政治も経済も社会も人生も何もかもすべて自分の思うように動く世の中になったら楽しくてしょうがないと思えるのだろうか、それとも、まだまだ刺激が足りないと思ってしまうものなのだろうか。
理由を突き詰めた著者は果たしてこれを書いた当時に比べ今現在をどう感じているのか聞いてみたいものである。
Posted by ブクログ
原発、領土問題、ギリシアの破綻、いじめ…
誰しもが解決すべきと思っているのに、議論は膠着し、対策は進まない。そんな不愉快な問題が発生する原因と対策を、進化論の視点から述べている本。
経済学や政治学といった従来の学問ではなく、進化論の視点から考えられた意見は新鮮だが、納得させられる。
人類の遺伝子レベルの原因だと言われてしまうと、どうしようもなく感じるが、遺伝子レベルの思考回路を解き明かすことで、解決策への糸口を見つけることができそうだと希望を持たせる一冊でもある。
特に、「素人の大多数の直感で選ばれた解の中間値は、概ね正しい」という事実は、意外で驚いた。

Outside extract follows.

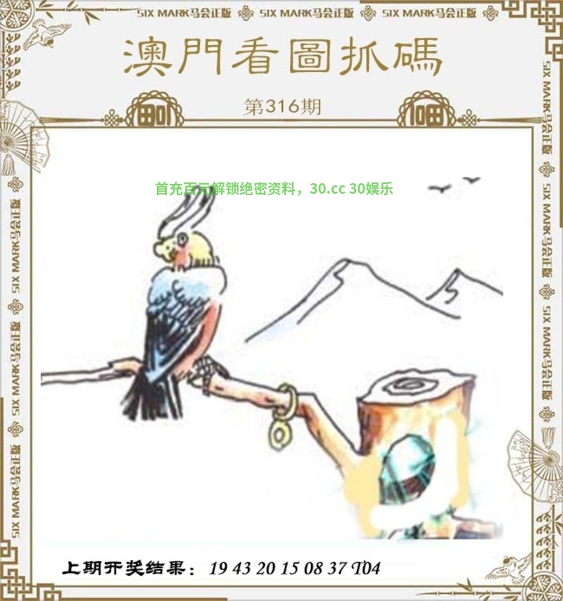 【妙解看图抓码】316期:图中有一只鹦鹉栖息在树枝上,树枝上挂着一个环形物体。 背景有山脉和两只飞翔的鸟。 树桩底部有一个发光的物体。

進化論の知識は1ミリも持ってない私でも、面白くてサラサラ読めた。
Posted by ブクログ
極端な意見同士は相殺され、多様化した意見の平均は案外正しい。この主張を基軸に社会、経済、政治、人生について、思った事を論じていく。この著者、そのテーマ毎に論文や著作を引きながら議論を展開するだけで専門家ではなく、テーマも散漫なために、広く浅く、熱意が乗らないので、頭に入って来にくい。ただ、基軸となる主張というか、強く影響を受けた書物があって、例えば利己的な遺伝子をバイブルにしているような所があって、その視点での切り口が多い。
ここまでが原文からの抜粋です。